Exercise brief: The records below must be repeated exactly, but without their pictures.

-=-=-=-=-

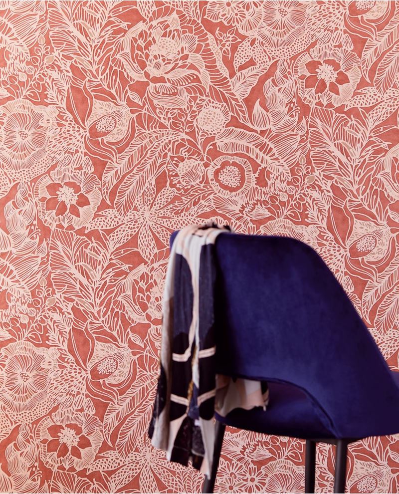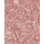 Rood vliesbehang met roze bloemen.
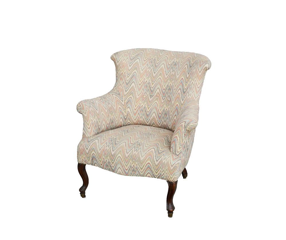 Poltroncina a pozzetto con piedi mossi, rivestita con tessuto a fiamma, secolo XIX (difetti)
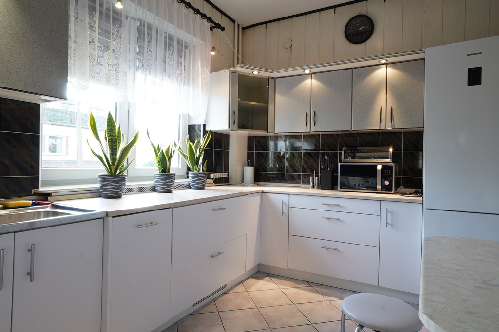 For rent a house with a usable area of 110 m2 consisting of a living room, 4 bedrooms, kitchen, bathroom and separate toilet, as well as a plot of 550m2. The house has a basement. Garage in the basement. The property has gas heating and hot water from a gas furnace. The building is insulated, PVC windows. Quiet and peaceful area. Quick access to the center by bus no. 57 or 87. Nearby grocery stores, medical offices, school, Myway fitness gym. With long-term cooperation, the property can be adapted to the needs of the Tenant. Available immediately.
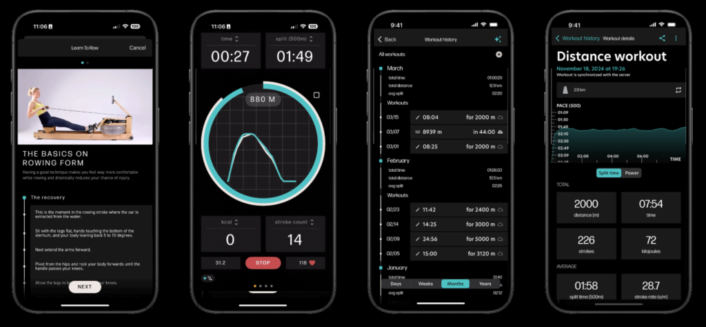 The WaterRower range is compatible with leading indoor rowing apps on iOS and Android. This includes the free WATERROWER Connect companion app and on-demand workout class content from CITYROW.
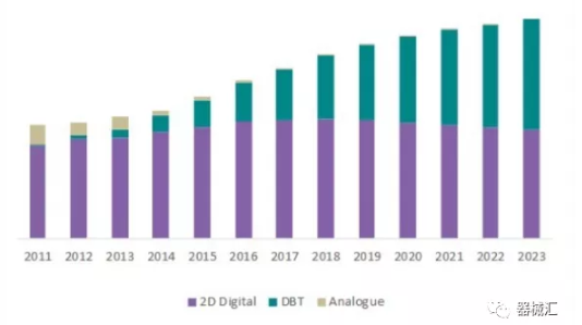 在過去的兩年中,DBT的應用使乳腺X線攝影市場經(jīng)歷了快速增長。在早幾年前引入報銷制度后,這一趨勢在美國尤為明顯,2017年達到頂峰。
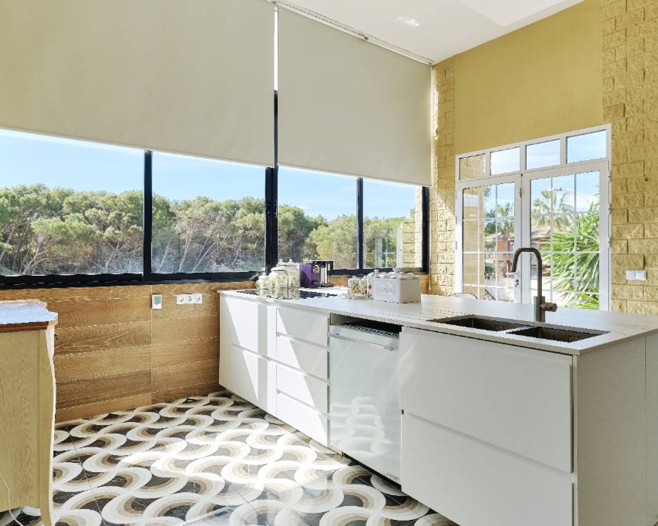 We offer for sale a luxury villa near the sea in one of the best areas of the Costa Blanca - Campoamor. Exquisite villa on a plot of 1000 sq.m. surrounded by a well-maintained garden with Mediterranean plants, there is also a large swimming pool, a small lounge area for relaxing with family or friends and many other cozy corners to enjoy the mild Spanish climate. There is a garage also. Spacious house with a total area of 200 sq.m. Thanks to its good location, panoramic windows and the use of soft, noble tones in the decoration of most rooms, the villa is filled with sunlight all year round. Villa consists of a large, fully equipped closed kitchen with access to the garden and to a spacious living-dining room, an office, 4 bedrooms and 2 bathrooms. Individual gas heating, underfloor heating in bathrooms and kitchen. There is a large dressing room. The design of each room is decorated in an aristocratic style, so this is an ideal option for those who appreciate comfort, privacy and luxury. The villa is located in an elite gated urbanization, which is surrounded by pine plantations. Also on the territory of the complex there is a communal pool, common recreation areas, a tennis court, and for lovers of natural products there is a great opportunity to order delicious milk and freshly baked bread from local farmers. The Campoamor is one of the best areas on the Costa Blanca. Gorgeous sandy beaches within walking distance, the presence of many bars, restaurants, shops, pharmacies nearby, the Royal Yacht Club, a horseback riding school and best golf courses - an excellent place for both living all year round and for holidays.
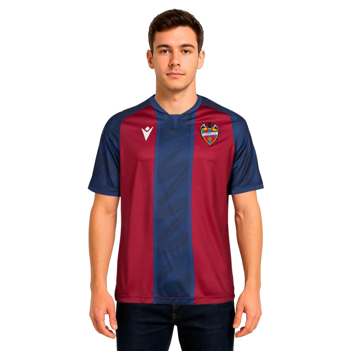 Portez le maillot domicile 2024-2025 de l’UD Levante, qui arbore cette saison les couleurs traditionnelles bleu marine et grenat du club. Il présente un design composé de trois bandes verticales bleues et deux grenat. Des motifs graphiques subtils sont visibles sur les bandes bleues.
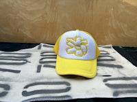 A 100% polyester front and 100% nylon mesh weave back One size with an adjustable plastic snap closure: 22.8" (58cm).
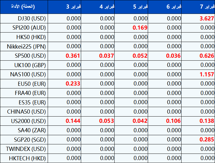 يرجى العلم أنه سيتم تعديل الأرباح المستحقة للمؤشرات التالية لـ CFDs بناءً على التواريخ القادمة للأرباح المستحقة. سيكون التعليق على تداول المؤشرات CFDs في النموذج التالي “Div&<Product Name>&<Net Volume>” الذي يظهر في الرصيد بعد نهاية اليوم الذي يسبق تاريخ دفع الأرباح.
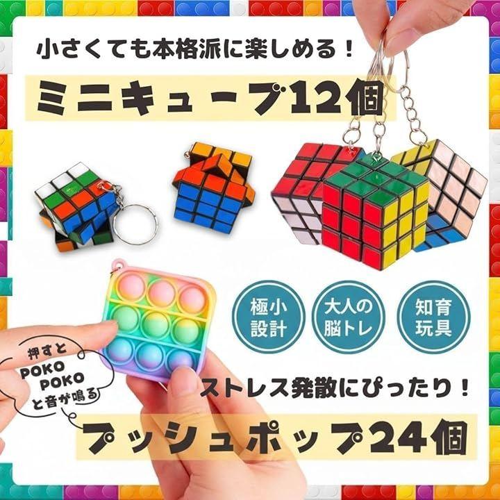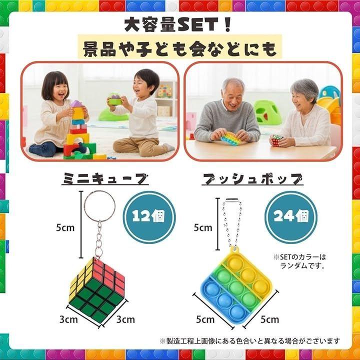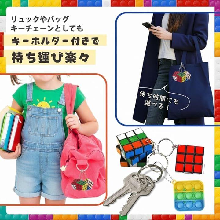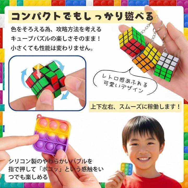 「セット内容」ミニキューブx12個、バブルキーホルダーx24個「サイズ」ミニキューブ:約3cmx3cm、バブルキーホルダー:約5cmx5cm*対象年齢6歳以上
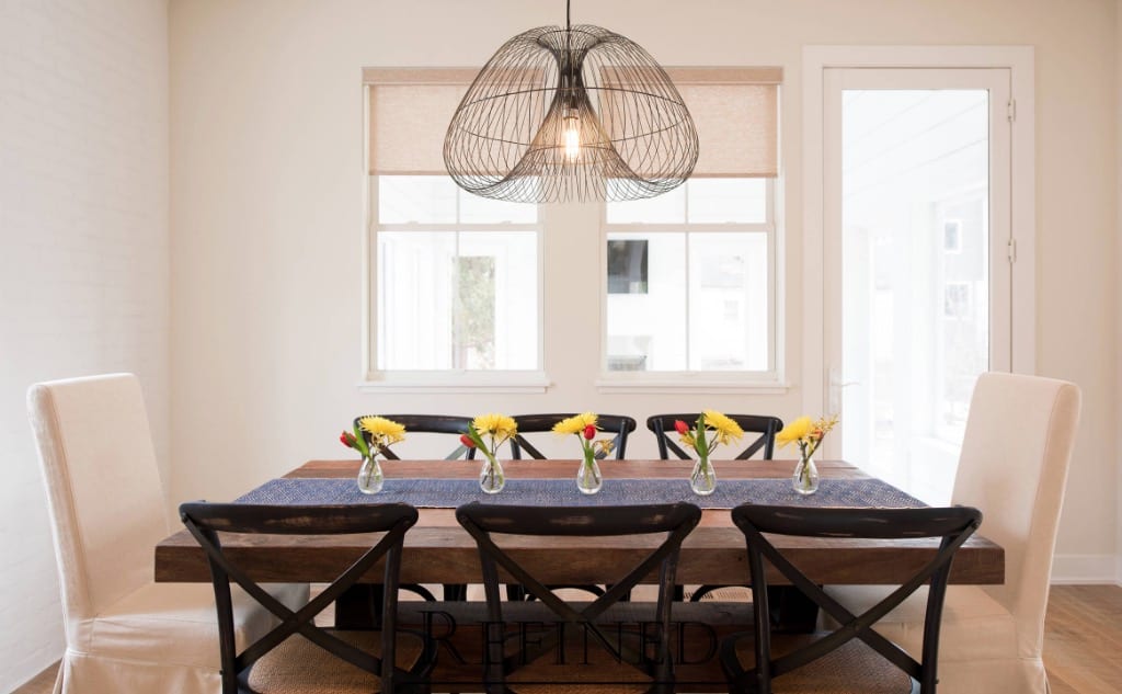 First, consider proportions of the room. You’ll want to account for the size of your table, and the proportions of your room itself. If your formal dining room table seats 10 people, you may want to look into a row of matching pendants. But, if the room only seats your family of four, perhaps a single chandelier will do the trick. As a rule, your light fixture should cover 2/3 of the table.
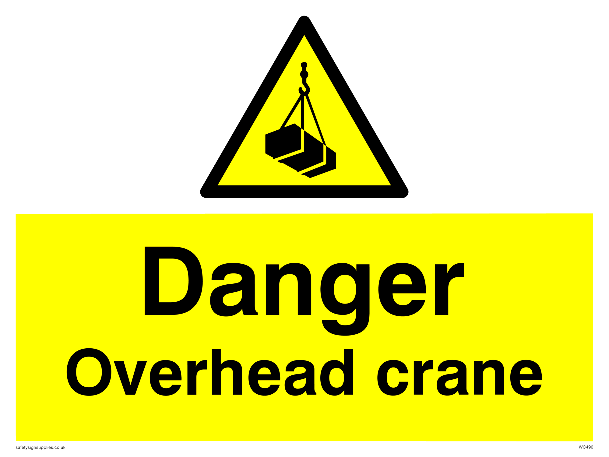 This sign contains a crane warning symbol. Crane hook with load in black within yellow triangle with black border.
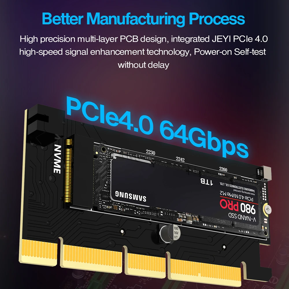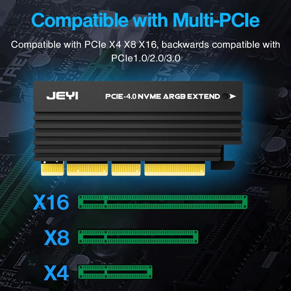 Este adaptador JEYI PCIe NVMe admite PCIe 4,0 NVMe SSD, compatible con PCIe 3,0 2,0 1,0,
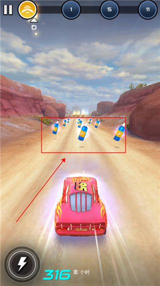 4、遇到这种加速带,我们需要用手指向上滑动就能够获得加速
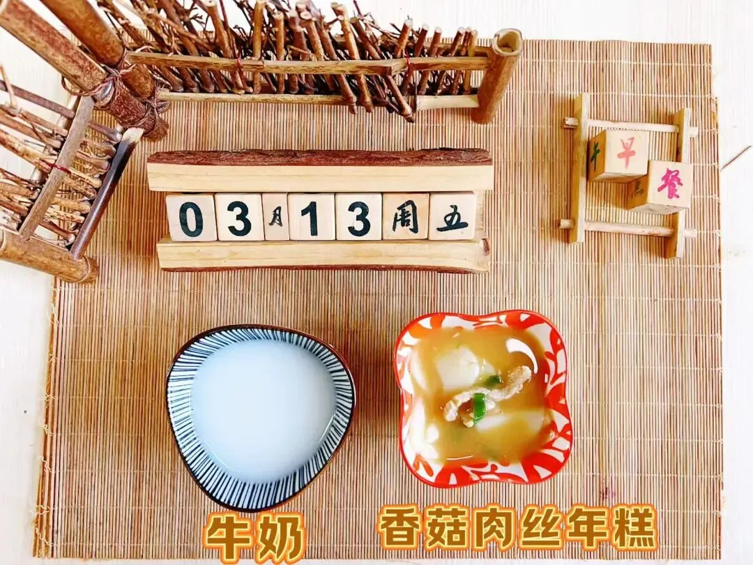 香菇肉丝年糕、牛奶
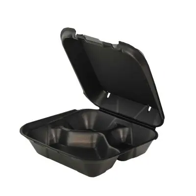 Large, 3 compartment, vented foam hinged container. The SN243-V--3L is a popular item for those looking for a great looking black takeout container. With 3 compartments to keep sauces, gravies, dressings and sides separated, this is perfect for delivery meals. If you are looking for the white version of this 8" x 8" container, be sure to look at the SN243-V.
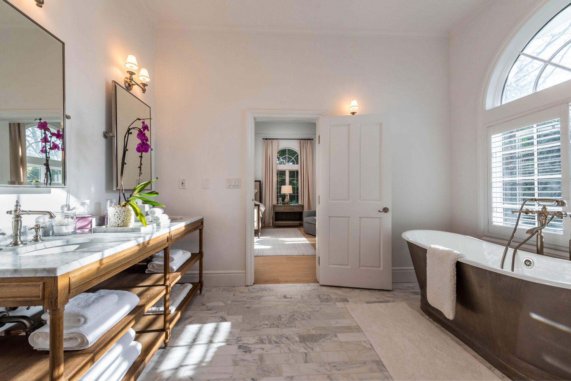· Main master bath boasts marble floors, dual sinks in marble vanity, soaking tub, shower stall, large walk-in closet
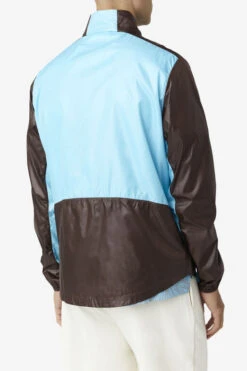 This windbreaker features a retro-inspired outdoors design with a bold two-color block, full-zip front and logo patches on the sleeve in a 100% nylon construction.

-=-=-=-=-

Response below:
 Rood vliesbehang met roze bloemen.
 Poltroncina a pozzetto con piedi mossi, rivestita con tessuto a fiamma, secolo XIX (difetti)
 For rent a house with a usable area of 110 m2 consisting of a living room, 4 bedrooms, kitchen, bathroom and separate toilet, as well as a plot of 550m2. The house has a basement. Garage in the basement. The property has gas heating and hot water from a gas furnace. The building is insulated, PVC windows. Quiet and peaceful area. Quick access to the center by bus no. 57 or 87. Nearby grocery stores, medical offices, school, Myway fitness gym. With long-term cooperation, the property can be adapted to the needs of the Tenant. Available immediately.
 The WaterRower range is compatible with leading indoor rowing apps on iOS and Android. This includes the free WATERROWER Connect companion app and on-demand workout class content from CITYROW.
 在過去的兩年中,DBT的應用使乳腺X線攝影市場經(jīng)歷了快速增長。在早幾年前引入報銷制度后,這一趨勢在美國尤為明顯,2017年達到頂峰。
 We offer for sale a luxury villa near the sea in one of the best areas of the Costa Blanca - Campoamor. Exquisite villa on a plot of 1000 sq.m. surrounded by a well-maintained garden with Mediterranean plants, there is also a large swimming pool, a small lounge area for relaxing with family or friends and many other cozy corners to enjoy the mild Spanish climate. There is a garage also. Spacious house with a total area of 200 sq.m. Thanks to its good location, panoramic windows and the use of soft, noble tones in the decoration of most rooms, the villa is filled with sunlight all year round. Villa consists of a large, fully equipped closed kitchen with access to the garden and to a spacious living-dining room, an office, 4 bedrooms and 2 bathrooms. Individual gas heating, underfloor heating in bathrooms and kitchen. There is a large dressing room. The design of each room is decorated in an aristocratic style, so this is an ideal option for those who appreciate comfort, privacy and luxury. The villa is located in an elite gated urbanization, which is surrounded by pine plantations. Also on the territory of the complex there is a communal pool, common recreation areas, a tennis court, and for lovers of natural products there is a great opportunity to order delicious milk and freshly baked bread from local farmers. The Campoamor is one of the best areas on the Costa Blanca. Gorgeous sandy beaches within walking distance, the presence of many bars, restaurants, shops, pharmacies nearby, the Royal Yacht Club, a horseback riding school and best golf courses - an excellent place for both living all year round and for holidays.
 Portez le maillot domicile 2024-2025 de l’UD Levante, qui arbore cette saison les couleurs traditionnelles bleu marine et grenat du club. Il présente un design composé de trois bandes verticales bleues et deux grenat. Des motifs graphiques subtils sont visibles sur les bandes bleues.
 A 100% polyester front and 100% nylon mesh weave back One size with an adjustable plastic snap closure: 22.8" (58cm).
 يرجى العلم أنه سيتم تعديل الأرباح المستحقة للمؤشرات التالية لـ CFDs بناءً على التواريخ القادمة للأرباح المستحقة. سيكون التعليق على تداول المؤشرات CFDs في النموذج التالي “Div&<Product Name>&<Net Volume>” الذي يظهر في الرصيد بعد نهاية اليوم الذي يسبق تاريخ دفع الأرباح.
 「セット内容」ミニキューブx12個、バブルキーホルダーx24個「サイズ」ミニキューブ:約3cmx3cm、バブルキーホルダー:約5cmx5cm*対象年齢6歳以上
 First, consider proportions of the room. You’ll want to account for the size of your table, and the proportions of your room itself. If your formal dining room table seats 10 people, you may want to look into a row of matching pendants. But, if the room only seats your family of four, perhaps a single chandelier will do the trick. As a rule, your light fixture should cover 2/3 of the table.
 This sign contains a crane warning symbol. Crane hook with load in black within yellow triangle with black border.
 Este adaptador JEYI PCIe NVMe admite PCIe 4,0 NVMe SSD, compatible con PCIe 3,0 2,0 1,0,
 4、遇到这种加速带,我们需要用手指向上滑动就能够获得加速
 香菇肉丝年糕、牛奶
 Large, 3 compartment, vented foam hinged container. The SN243-V--3L is a popular item for those looking for a great looking black takeout container. With 3 compartments to keep sauces, gravies, dressings and sides separated, this is perfect for delivery meals. If you are looking for the white version of this 8" x 8" container, be sure to look at the SN243-V.
· Main master bath boasts marble floors, dual sinks in marble vanity, soaking tub, shower stall, large walk-in closet
 This windbreaker features a retro-inspired outdoors design with a bold two-color block, full-zip front and logo patches on the sleeve in a 100% nylon construction.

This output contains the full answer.